A hilariously caustic first novel by storywriter Rosen (What About the Love Part?, 2002) follows a girl drawn in the wake of her dingbat California mother’s “grand adventure.”
Addicted to abusive men and floundering in service jobs, single mother Colleen Hanley hits on the harebrained scheme of dragging her two girls, Rona, 5, and Justine, 11, to Massachusetts to look up an old boyfriend who won’t even remember who she is. Her last boyfriend, Dale, a nasty Jesus freak and actually Rona’s father, ends the shaky relationship when he punches sassy Justine in the back after a disastrous trip to Disneyland. Justine is no fool about her mother’s lunacies, and, as the ill-begotten road trip is undertaken in a rented truck, it’s plucky and intrepid Justine who serves as the responsible parent—foraging for food and reminding their mother that the truck must be returned following an extended layover in Salt Lake City, when Colleen becomes infatuated with a new loser.

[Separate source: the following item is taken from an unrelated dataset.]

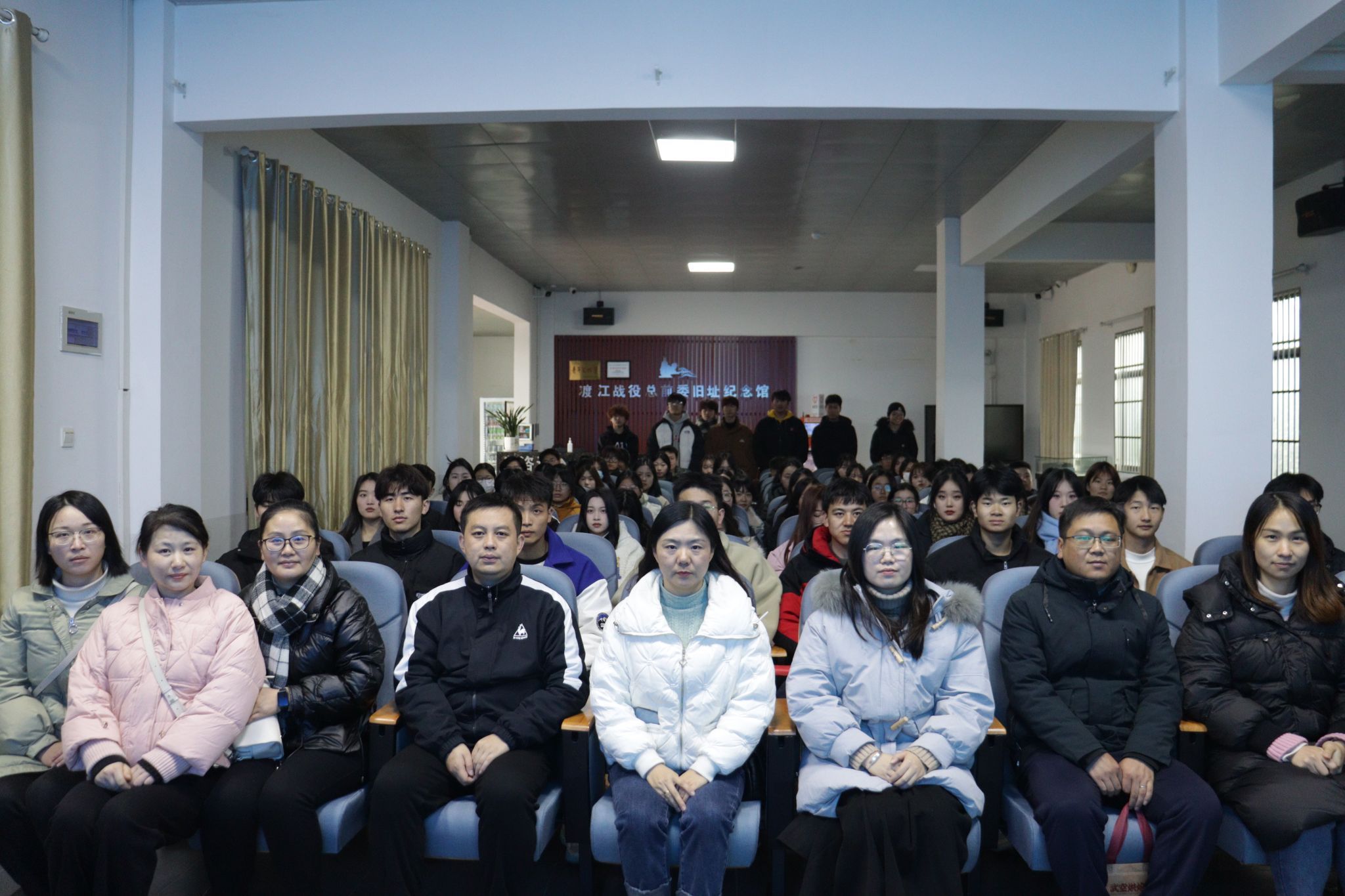 在总前委旧址纪念馆放映厅,全体师生观看了渡江战役专题宣传教育片,回顾渡江战役的历史进程,深入了解总前委在瑶岗运筹帷幄的恢宏历程,感受革命先辈坚定不移的革命意志、伟大的斗争精神和卓越的革命智慧。

Finally, in Hadley, Massachusetts, the penniless, homeless, ragged three must stay with Colleen’s manipulative high-school friend Marie, whose attempts at making Colleen employable become a means of further debasing her already nugatory self-esteem. As a fifth-grade assignment, Justine begins a diary of imaginary pioneers and their numerous children on a dangerous trek in reverse, from Amherst to California; pages from the diary, chronicling hardships of cold, hunger, and sickness in tongue-in-cheek fashion, are interspersed with Justine’s eye-rolling real-life narrative. And while Justine’s troubles would make a bonanza for any social worker—her newly growing body provokes swinish ribbing from the boys in the class, while her mother sinks into such a profound winter depression that she can’t even get out of bed to take the girls to school—Justine’s belligerent resistance to self-pity works in clear-eyed counterpoint to her delusionally doomed mother.
A good strong voice that never lets in the waterworks.